French Benedictine theologian

Heiric of Auxerre (841–876) was a French Benedictine theologian and writer. An oblate of the abbey of Saint-Germain d'Auxerre, he studied with Lupus Servatus and Haimo of Auxerre. His own students included Remigius of Auxerre and Hucbald. His Miracula sancti Germani was a verse life of St. Germanus. Other works include his Collectaeum, a homiliary, and glosses on the Categoriae decem.

== Life ==
Heiric of Auxerre was born in 841. When only about seven years old he entered the abbey of Saint-Germain d'Auxerre as an oblate. There his teacher was Haimo of Auxerre. From 859 to 860 he studied under Lupus Servatus at Ferrières, and from 862 to 865 he was at the abbey of Saint-Médard de Soissons, where he came into contact with John Scotus Eriugena. He then returned to his monastery at Auxerre and taught there until his death.

== Works ==
His chief work was a metrical Life of Germanus of Auxerre, considered one of the best hagiographical poems of the times, which he dedicated c. 876 to Charles the Bald.
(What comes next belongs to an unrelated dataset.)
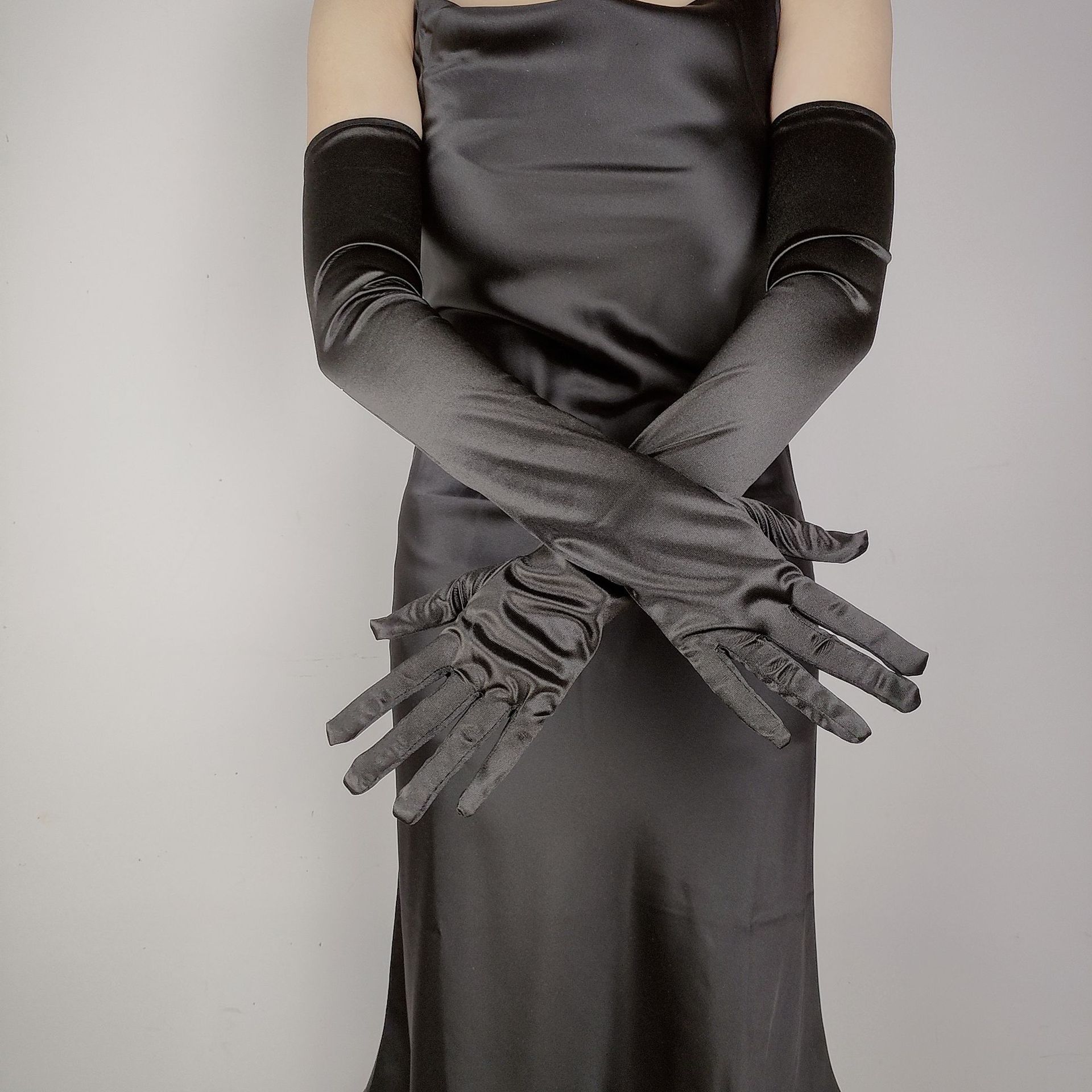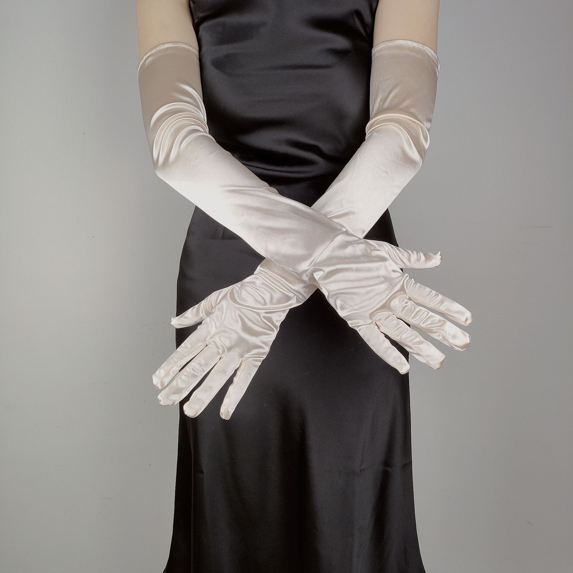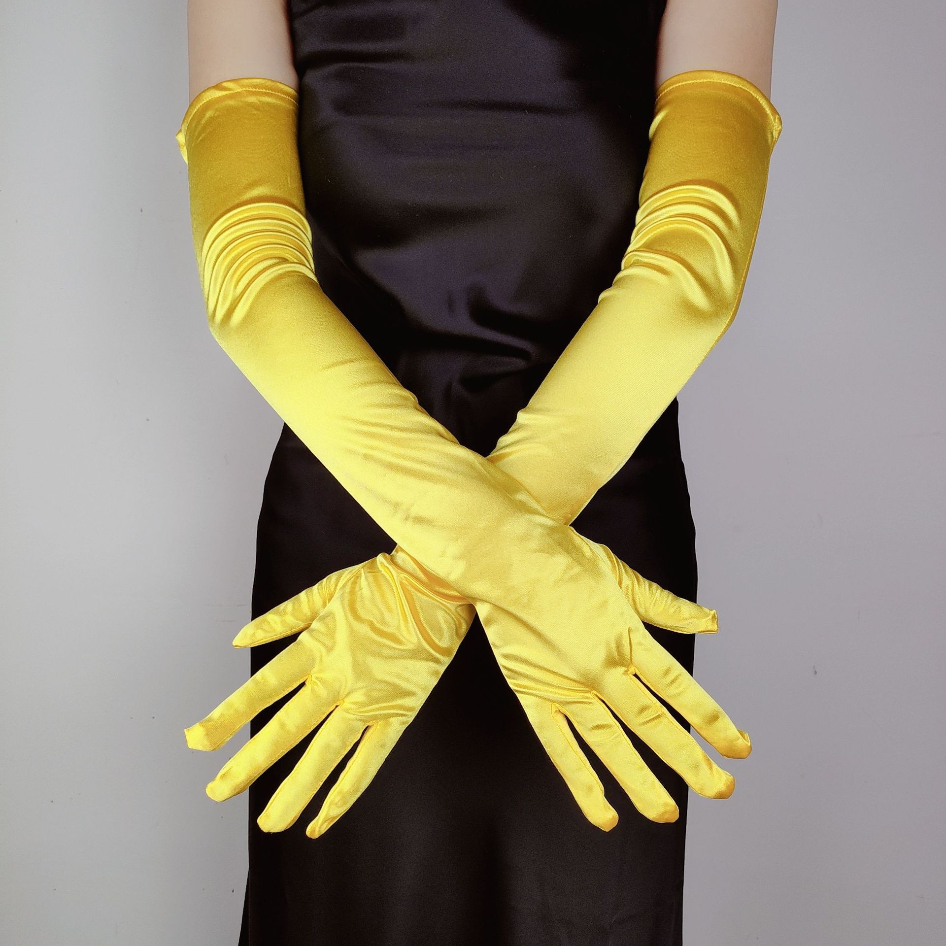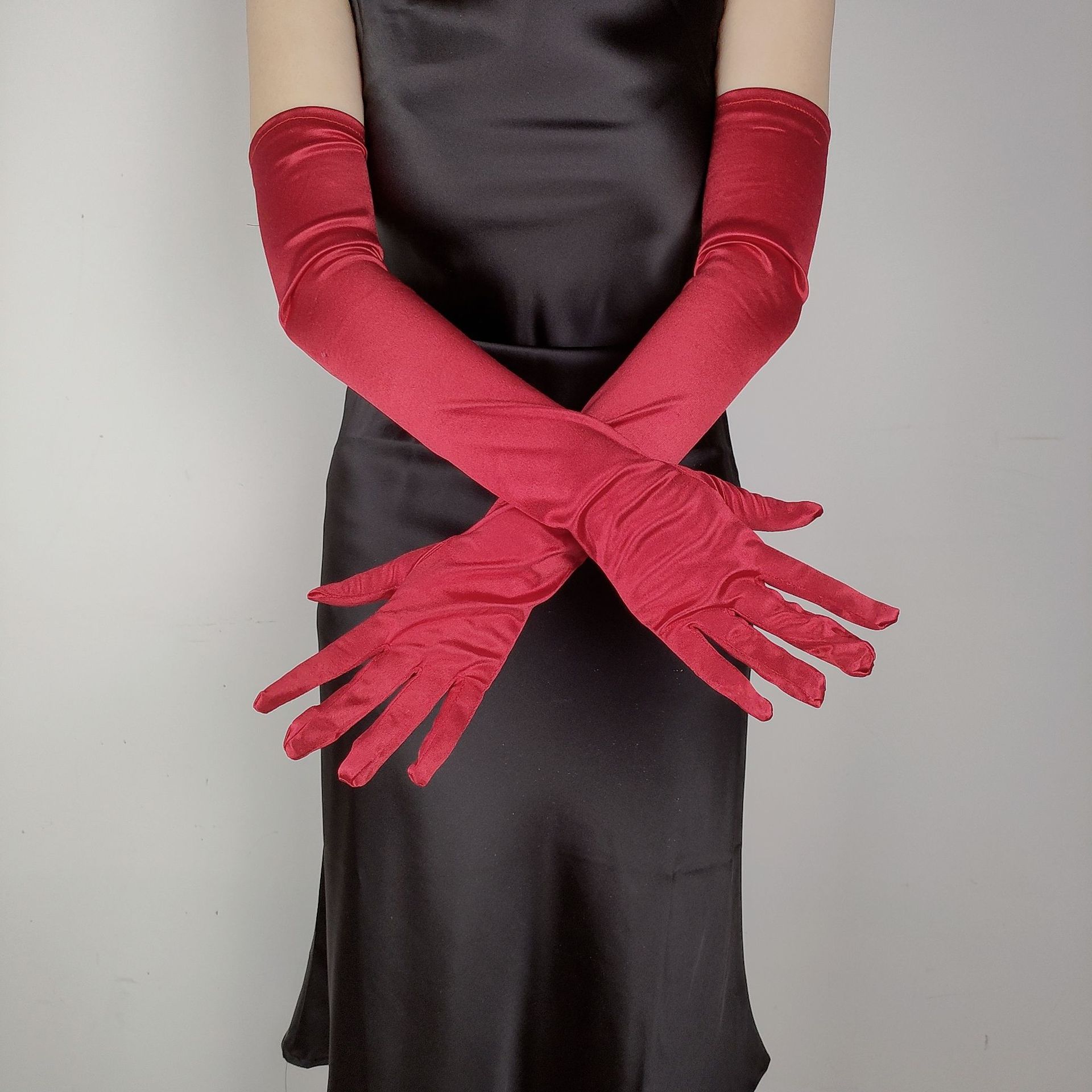 55CM 길어진 새틴 탄성 새틴 장갑 빈티지 원피스 웨딩 사진 보석 코스프레 숙녀 장갑

He also wrote 'Miracula S. Germani' in prose, and put together 'Collectanea', partly classical from Valerius Maximus, Suetonius and other sources, and partly theological; these were based on the teaching of Lupus and Haimo. He is important as a link between the Carolingian schools and the later Middle Ages, especially as the teacher of Remigius.